→ AIM OF THE EXERCISE: The records that follow should be returned exactly, pictures excluded.

*** RECORD EXCERPTS

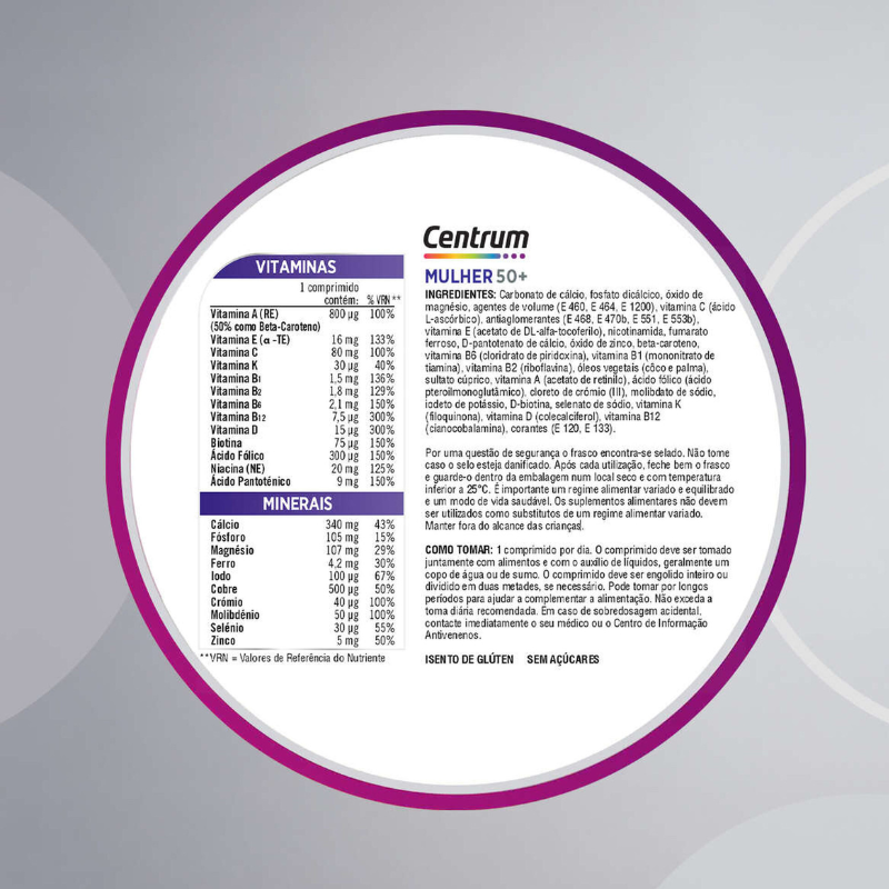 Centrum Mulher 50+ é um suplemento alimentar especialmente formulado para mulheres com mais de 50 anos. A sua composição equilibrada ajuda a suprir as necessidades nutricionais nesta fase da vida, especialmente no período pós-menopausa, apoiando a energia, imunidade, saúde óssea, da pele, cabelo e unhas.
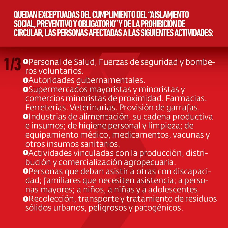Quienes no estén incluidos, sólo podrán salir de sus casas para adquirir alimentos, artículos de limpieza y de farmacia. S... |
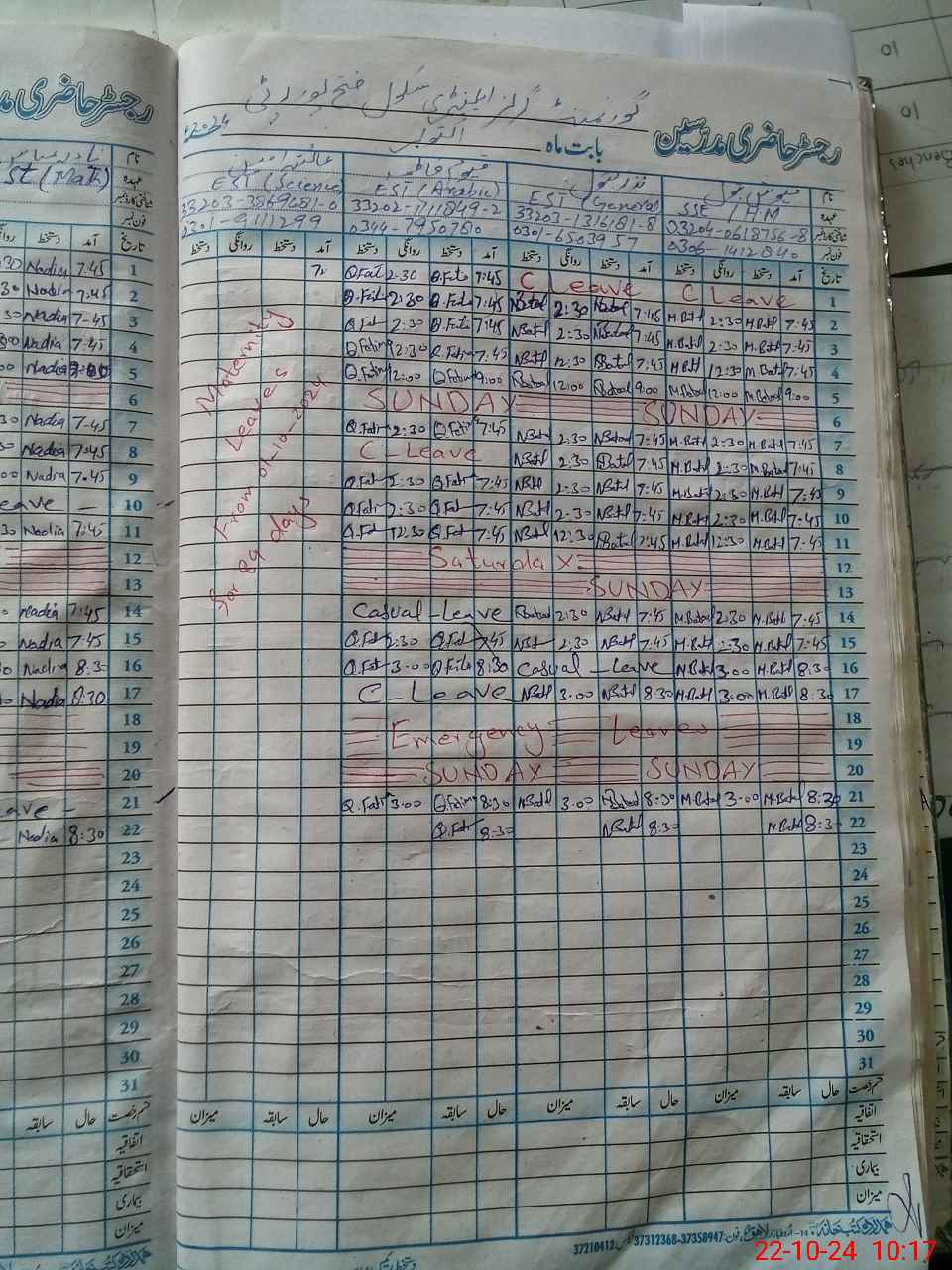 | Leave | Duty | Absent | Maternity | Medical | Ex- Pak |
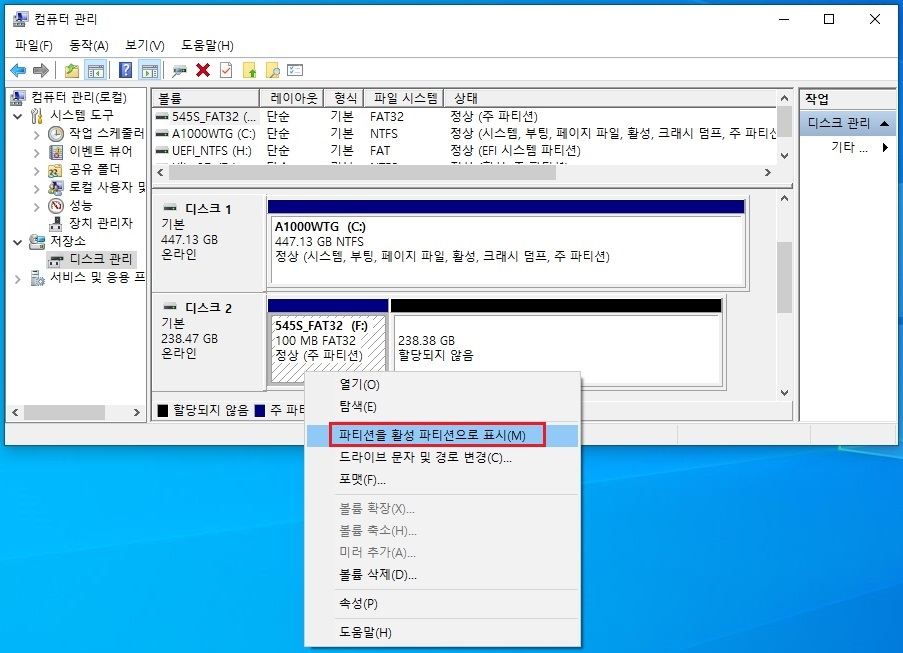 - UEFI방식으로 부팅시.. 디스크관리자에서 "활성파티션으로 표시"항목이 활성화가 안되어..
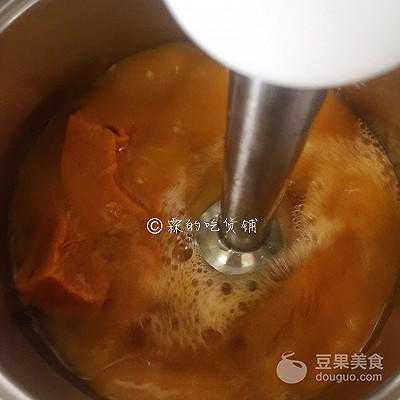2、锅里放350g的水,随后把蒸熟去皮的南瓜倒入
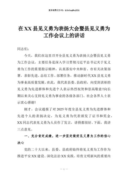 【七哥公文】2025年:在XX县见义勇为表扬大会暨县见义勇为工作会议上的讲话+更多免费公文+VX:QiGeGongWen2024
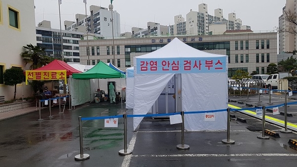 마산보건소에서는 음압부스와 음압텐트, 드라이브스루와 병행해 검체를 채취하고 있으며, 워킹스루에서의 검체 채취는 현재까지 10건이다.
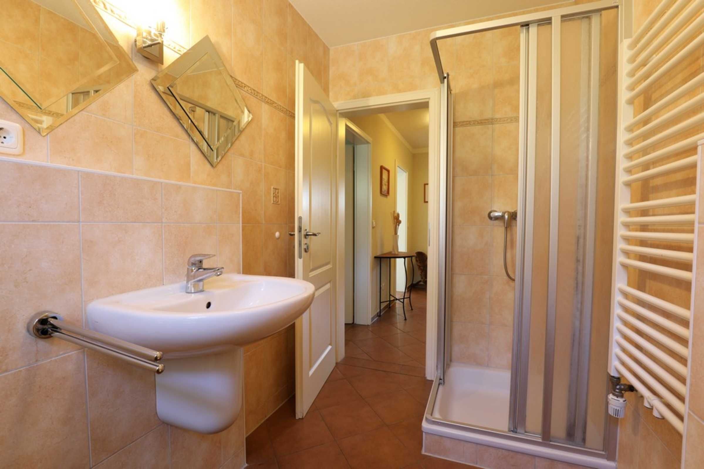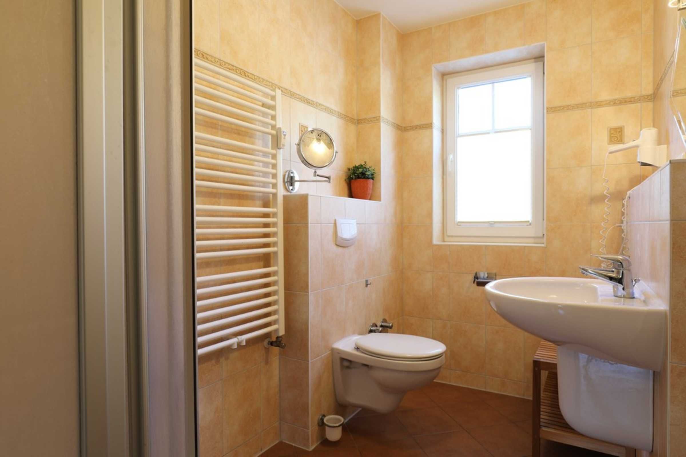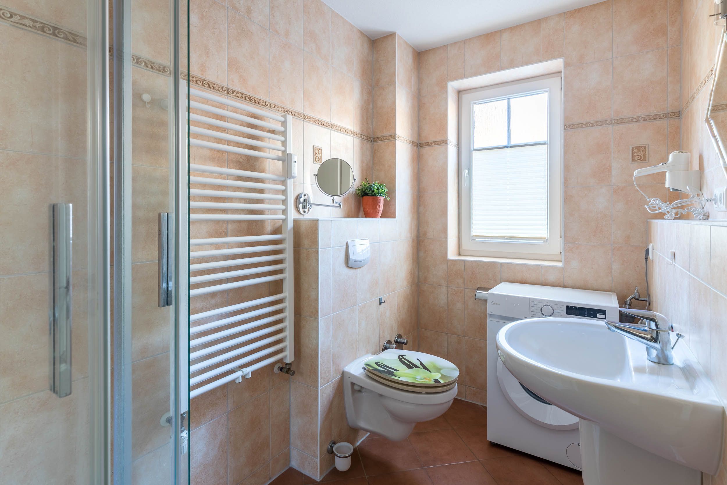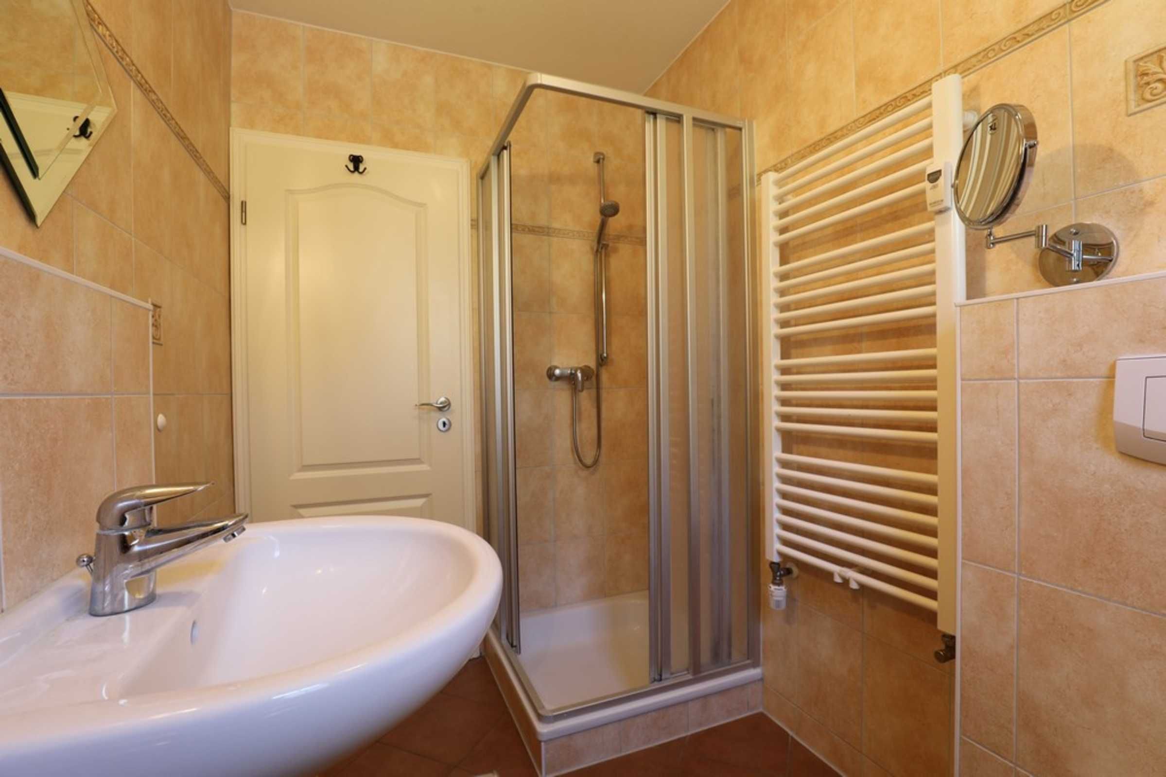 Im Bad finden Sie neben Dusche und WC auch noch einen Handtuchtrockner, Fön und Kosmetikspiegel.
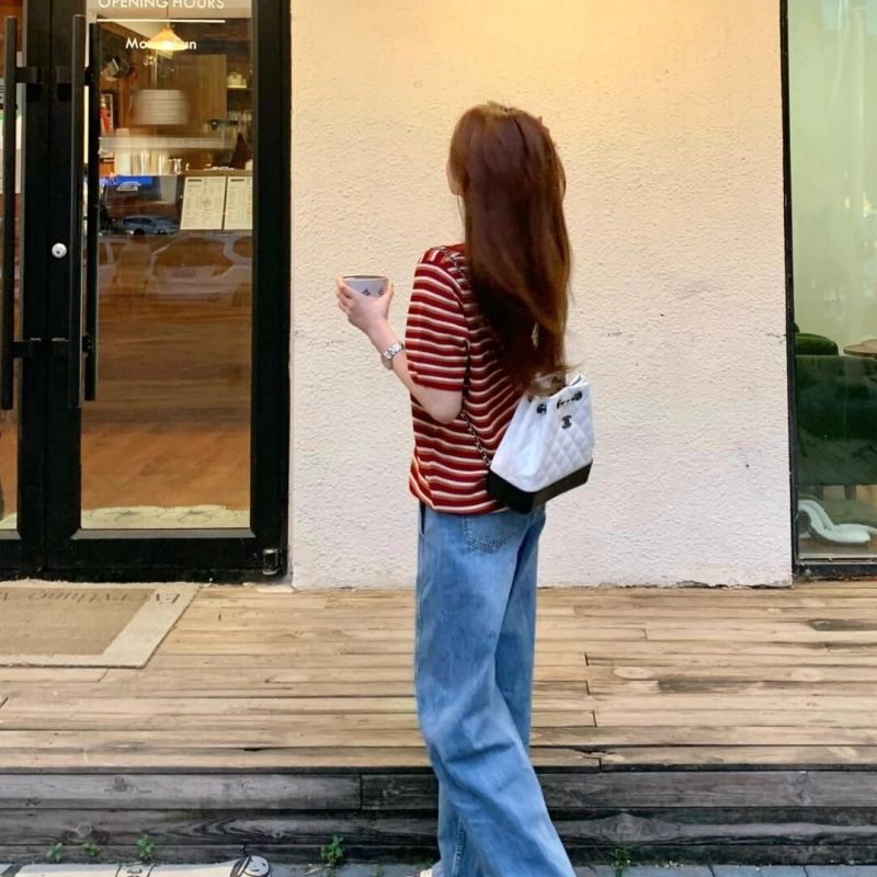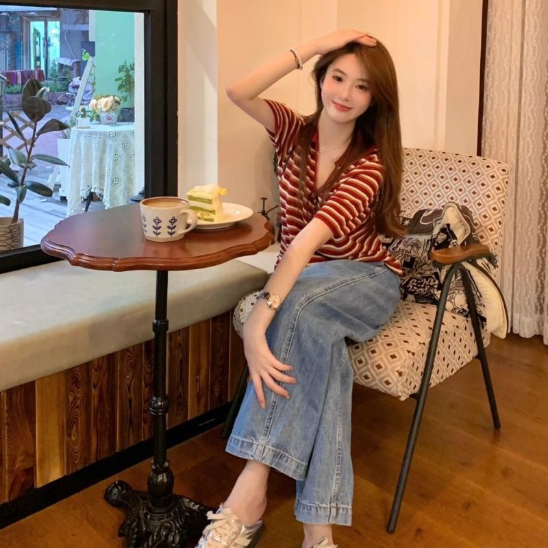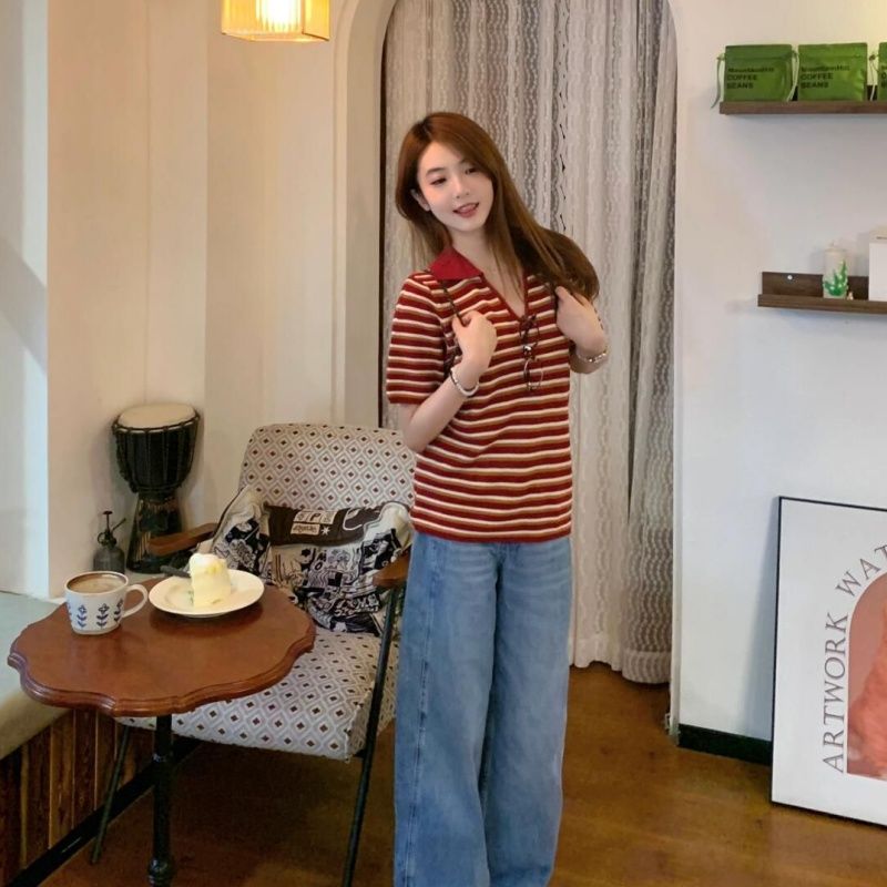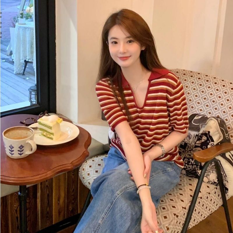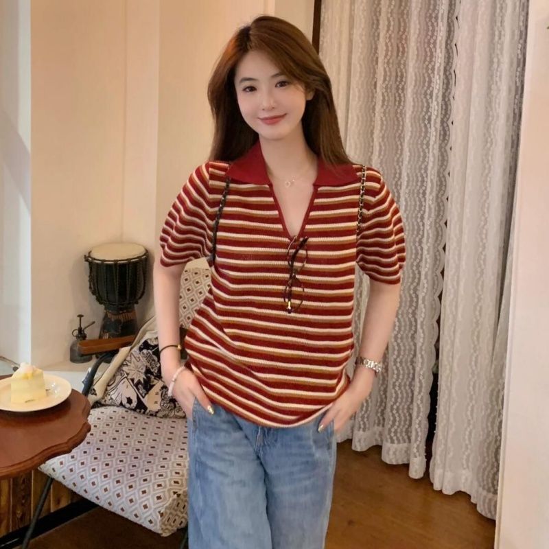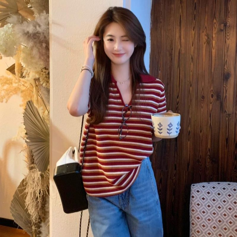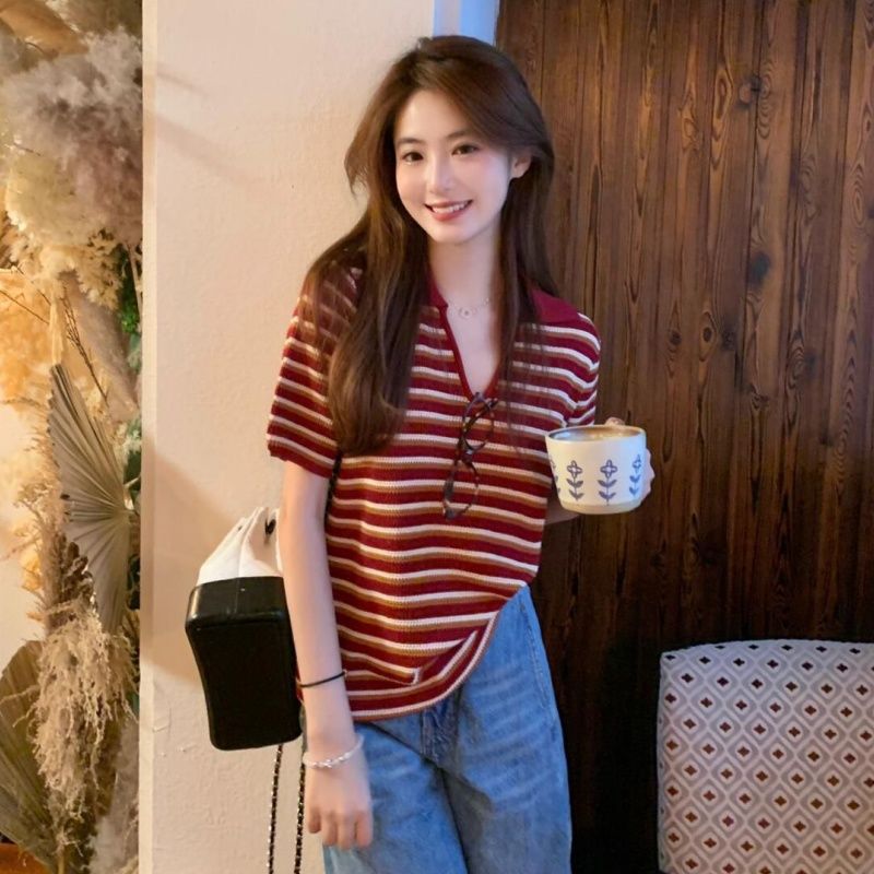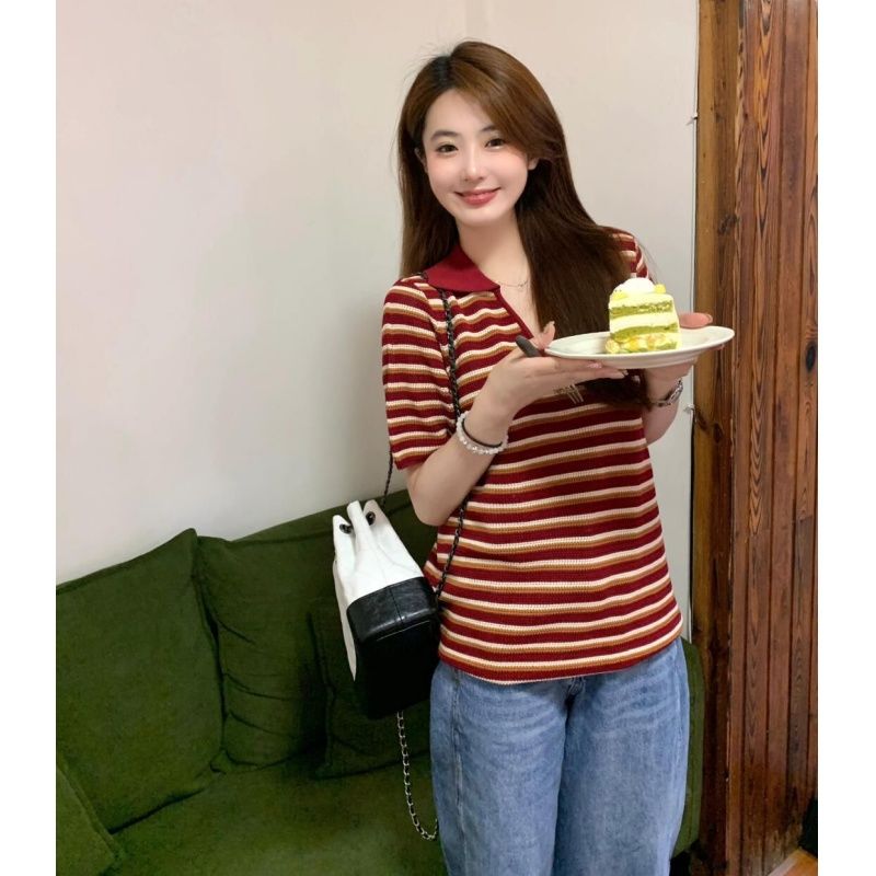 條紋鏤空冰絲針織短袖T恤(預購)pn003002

******

→ RESULT OF THE TASK:
 Centrum Mulher 50+ é um suplemento alimentar especialmente formulado para mulheres com mais de 50 anos. A sua composição equilibrada ajuda a suprir as necessidades nutricionais nesta fase da vida, especialmente no período pós-menopausa, apoiando a energia, imunidade, saúde óssea, da pele, cabelo e unhas.
Quienes no estén incluidos, sólo podrán salir de sus casas para adquirir alimentos, artículos de limpieza y de farmacia. S... |
 | Leave | Duty | Absent | Maternity | Medical | Ex- Pak |
 - UEFI방식으로 부팅시.. 디스크관리자에서 "활성파티션으로 표시"항목이 활성화가 안되어..
2、锅里放350g的水,随后把蒸熟去皮的南瓜倒入
 【七哥公文】2025年:在XX县见义勇为表扬大会暨县见义勇为工作会议上的讲话+更多免费公文+VX:QiGeGongWen2024
 마산보건소에서는 음압부스와 음압텐트, 드라이브스루와 병행해 검체를 채취하고 있으며, 워킹스루에서의 검체 채취는 현재까지 10건이다.
 Im Bad finden Sie neben Dusche und WC auch noch einen Handtuchtrockner, Fön und Kosmetikspiegel.
 條紋鏤空冰絲針織短袖T恤(預購)pn003002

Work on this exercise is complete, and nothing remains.